I have a question related to the usage of 'never'. I have heard native speakers use 'never' when they want to negate something emphatically. And they use 'never' instead of "did not verb1" to negate.

Here are a couple of example sentences:

Me: Hey john, did you told Shyam that you dislike me? 
John: It's a lie. I never said/did not say that.

To me "did not say" is more grammatically correct but I often hear native speakers use 'never' in this kind of context. I would not use "present perfect tense" in the context as I was referring a specific event in the past.

  • never went/did not go to Australia when I was a child but after getting a job I went there last year.

I think both forms can be used in the above context.

  • never was a/was not a good student when I was in school but I was good at drawing.

I think the "never was" is more emphatic but both forms can be used. Can I use never instead of "did not verb1"  when I want to negate specific events in past emphatically? Native speakers, I want your opinions.
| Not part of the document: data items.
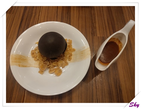 附有焦糖醬, 客人自己淋上朱古力球上, 朱古力便會溶化, 內裡原來係雪糕.
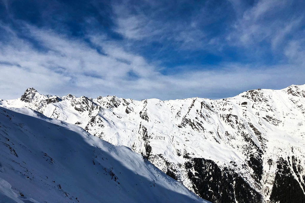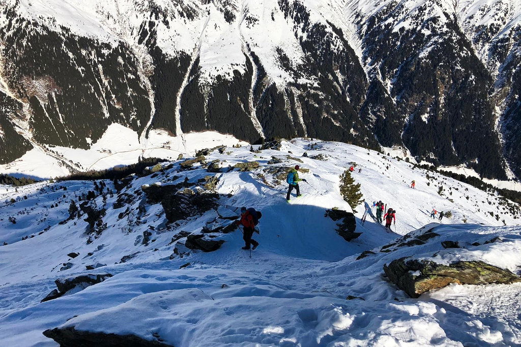 Der uns zugewandte Rücken bietet sich herrlich an, um auf den Grat aufzusteigen. Zwar sind vereinzelt Spitzkehren schon angebracht, die Neigung ist aber angenehm. So bleibt genug Kraft, um auch zu quatschen und das sich immer weiter öffnende Panorama zu genießen! Der Grat ist breit und lässt sich genüsslich bestreiten – wenn man sich vom Wind nicht die Stimmung vermiesen lässt.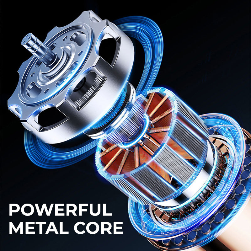 POTENTE NUCLEO IN METALLO E SISTEMA DI RAFFREDDAMENTO: Realizzato con un nucleo motore in metallo resistente per un funzionamento fluido e senza inceppamenti, e dotato di lame di raffreddamento per evitare il surriscaldamento anche durante lunghe sessioni.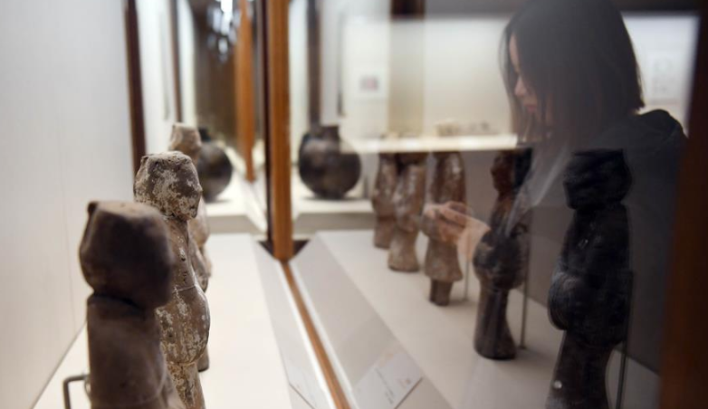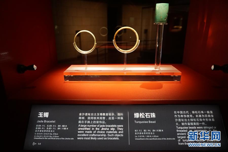 這是金沙遺址博物館里展出的跨文明特展展品(1月1日攝)。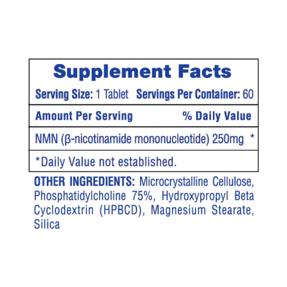 | NMN (β-nicotinamide mononucleotide) | 250 mg |
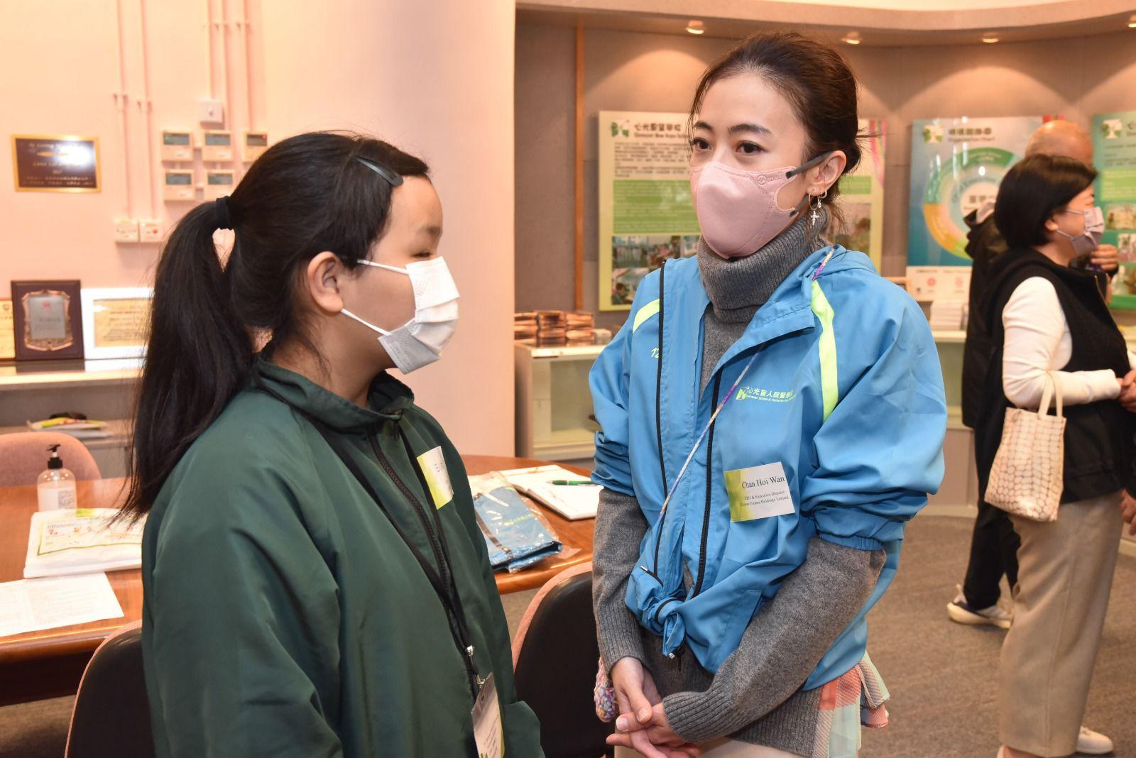心光學校始於1897年,120多年來幫助過無數視障人士,甘比覺得心光學校和團隊,造福及幫助了很多人,她期望未來可與心光學校並肩前行,令更加多的視障人士受惠。甘比又特別介紹22歲視障女生怡杰,她續說:「怡杰已經完全看不見,她剛完成演藝學院學位課程(小提琴專業),下年開始修讀碩士課程(2年)。她好叻4年學位課程由演藝學院提供獎學金,不用任何人粗心。可惜碩士課程不設獎學金,所以我們資助了她讀碩士課程,今天和她傾偈好開心,原來她6歲開始學小提琴,在完全看不到東西的情況下,雖然起初都覺得困難,但慢慢培養出興趣之後,佢已經好叻啦!」

  • They're both grammatically correct; there isn't one that's "more grammatically correct" than the other.
    – stangdon
    Dec 20, 2017 at 18:19
  • I learned this rule: With "never", you usually use the present perfect. So it should be "It's a lie. I've never said that." It does however sound unnatural to me; I think here's an exception to that rule.
    – Cacambo
    Jan 1, 2020 at 19:06
  • Please note that "did you told" in your example is not correct. You probably mean either "have you told" or "did you tell".
    – Cacambo
    Jan 1, 2020 at 19:07
  • @Cacambo I've never heard that rule. Both "I have never done that" and "I never did that" are correct. Oct 8, 2020 at 22:30

2 Answers 2


I never said that is perfectly normal for the literal case: "there is no occasion in the past when I ever said that". In this use I have never said that is more likely, unless the reference is to a time period that is now past. That sentence is rather unusual, but it can come up in an exchange like

A. When we worked at XYZ, people used to say that my desk was always messy.
B. I never said that.

But you are right that colloquially, never is often used for an emphatic denial of a single instance. In this sense, I never said that is an emphatic version of I didn't say that.


Either one can be used in most cases, but sometimes one fits better to the situation than the other. To use your example, if you said I never went to Australia when I was a child but after getting a job I went there last year, this means that, quite simply, you have not been to the country. If you used instead I did not go, this may be interpreted with another context, for example, if you didn't go but were taken against your will, or maybe there was an opportunity to go that you didn't take, but now you did after getting a job.